I will miss Ritchie, my dear friend, and my sweet neighbors across the hall, Christopher, who kept my Mac running and provided karaoke for everyone, Bevs who fed me Filipino cuisine, and their three little ones who grew so fast and made me laugh.
Just before our 7:15 AM commute, teachers dashed to the hanut (mini market) next to our apartment complex for egg sandwiches, clementines, or whatever else we needed for the day. Likewise, when we dragged off the bus at 5 PM needing water, gas for our stoves, vegetables for dinner, or fresh mint for tea, this young man welcomed us in with a smile and asked about our day. He and his brothers work seven days a week until 10 PM–always friendly no matter how high the temperature or how many locals stormed the counter.
Mary (below) and her husband own Les Jardins de Bala–my favourite Sunday lunch spot where Anu, another teacher, celebrated her birthdays and my guest including my kids loved. We taught Mary’s sweet son, and I enjoyed her French flair for fashion.

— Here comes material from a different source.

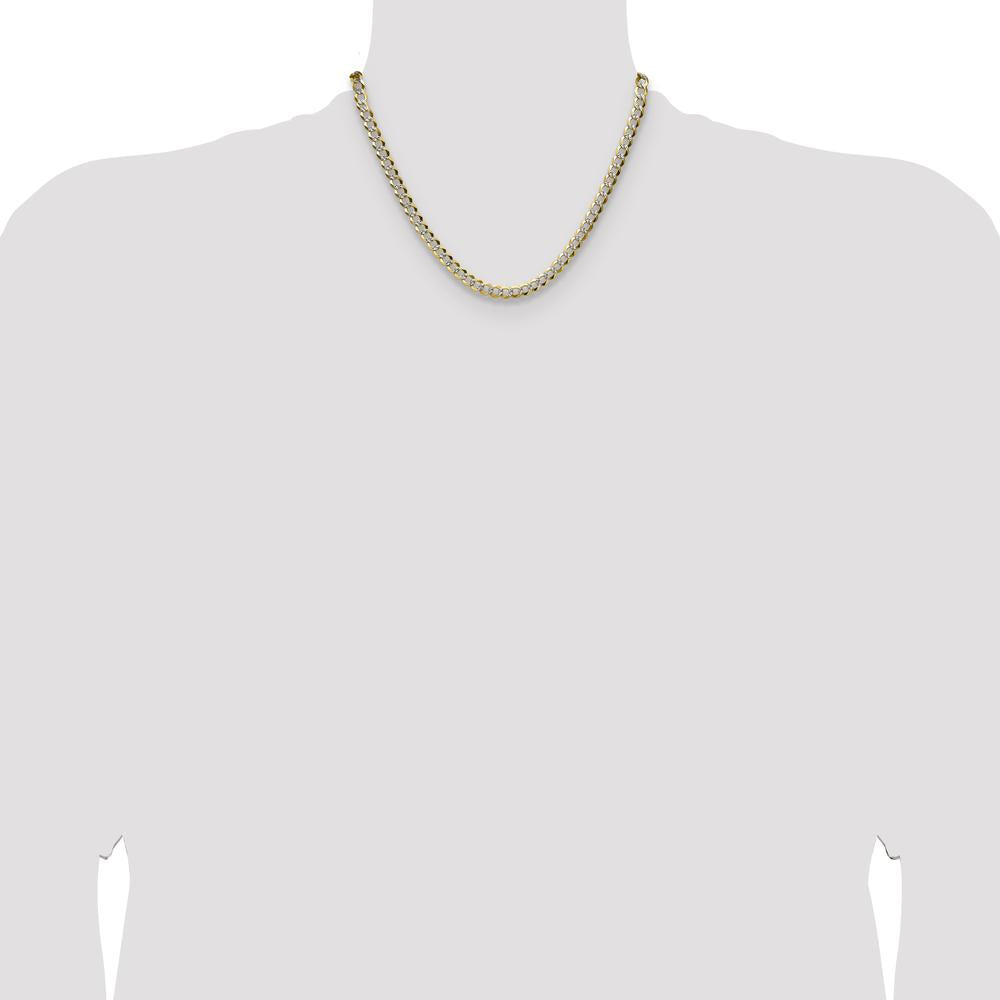 14K Yellow Gold 18" Lightweight Pavé Flat Cuban Chain Necklace with Rhodium Accents by Oro Pregiato

On the right is a chic dress she designed for 200 DH/$20 USD which included the cost of fabric and a tailor. She is beautiful inside and out.
How I miss Sayida. She kept the Woods and me organized and was nanny to their three children. Coming home to a spotless apartment, clothes and sheets washed, and dinner ready and mint tea brewed was a treat I’ll never forget. Just before I left, she surprised me with this beautiful gift. She was a Godsend and a great friend.